How to Pick Your Retirement Date to Optimize Your Chevron Pension

Your retirement date can evoke a multitude of emotions. Your last day of work may make you feel excited, nervous, nostalgic, or a combination of all three. You may not be thinking about strategically choosing your retirement date.

As a Chevron employee, you should be aware of the impact various savings and investment options have on your retirement planning. Your Chevron Retirement Plan (CRP) Lump Sum pension is one of the many tools at your disposal.

You should be aware and knowledgeable regarding the way your CRP Lump Sum is distributed, so you can make a wise, strategic decision regarding the date you set for your retirement. In some cases, adjusting your date by a few weeks can make a significant financial impact when it comes to the total pension amount to be distributed.

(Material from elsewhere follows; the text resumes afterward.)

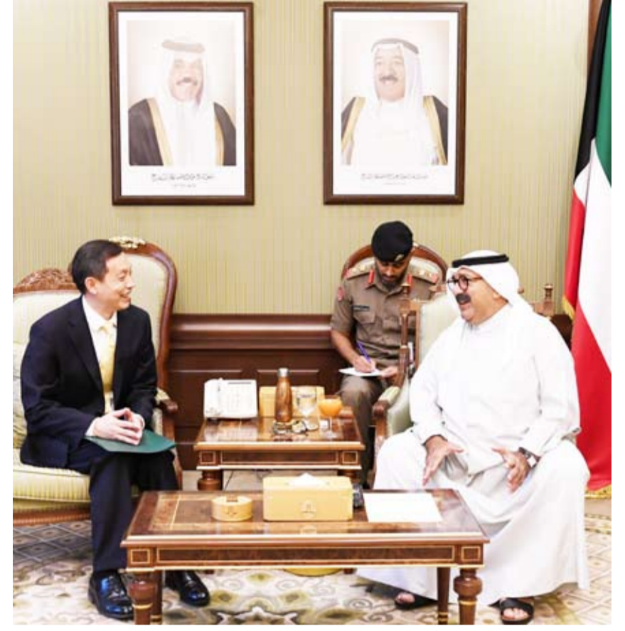
النائب الأول لرئيس مجلس الوزراء ووزير الدفاع الشيخ ناصر صباح الأحمد الصباح مستقبلاً السفير الصيني

استقبل النائب الأول لرئيس مجلس الوزراء ووزير الدفاع الشيخ ناصر صباح الأحمد الصباح بقصر بيان العامر صباح أمس سفير جمهورية الصين الشعبية بين البلدين الصديقين وحرص الطرفين على تعزيزها وتطويرها . حضر اللقاء المحقق العسكري لجمهورية الصين الشعبية الصديقة العميد تشانغ قه . الصادقة لدى البلاد لى مينغ قانغ . و تم خلال اللقاء تبادل الأحاديث الودية ومناقشة أهم الأمور والموضوعات ذات الاهتمام المشترك ، مشيداً بعمق العلاقات الثنائية

What Data is Your Chevron Retirement Plan Pension Calculation Based on?

Your pension will be calculated based on your last date of employment and benefit start date. The IRS regularly releases spot segment rates that are used to calculate the CRP Lump Sum.

Your CRP Lump Sum — “your pension” — is not solely based on interest rates. However, looking at recent interest rates over time can give you an idea of how your lump sum will be affected in the calculation and better educate your decision on when to retire.

Interest rates have an inverse relationship with a lump sum pension. When interest rates increase, lump sum pension values will decrease and vice versa.

How Chevron lump sum pension is affected by national interest rates


How Does Chevron Calculate the Total Amount of Pension Funds You Should Receive?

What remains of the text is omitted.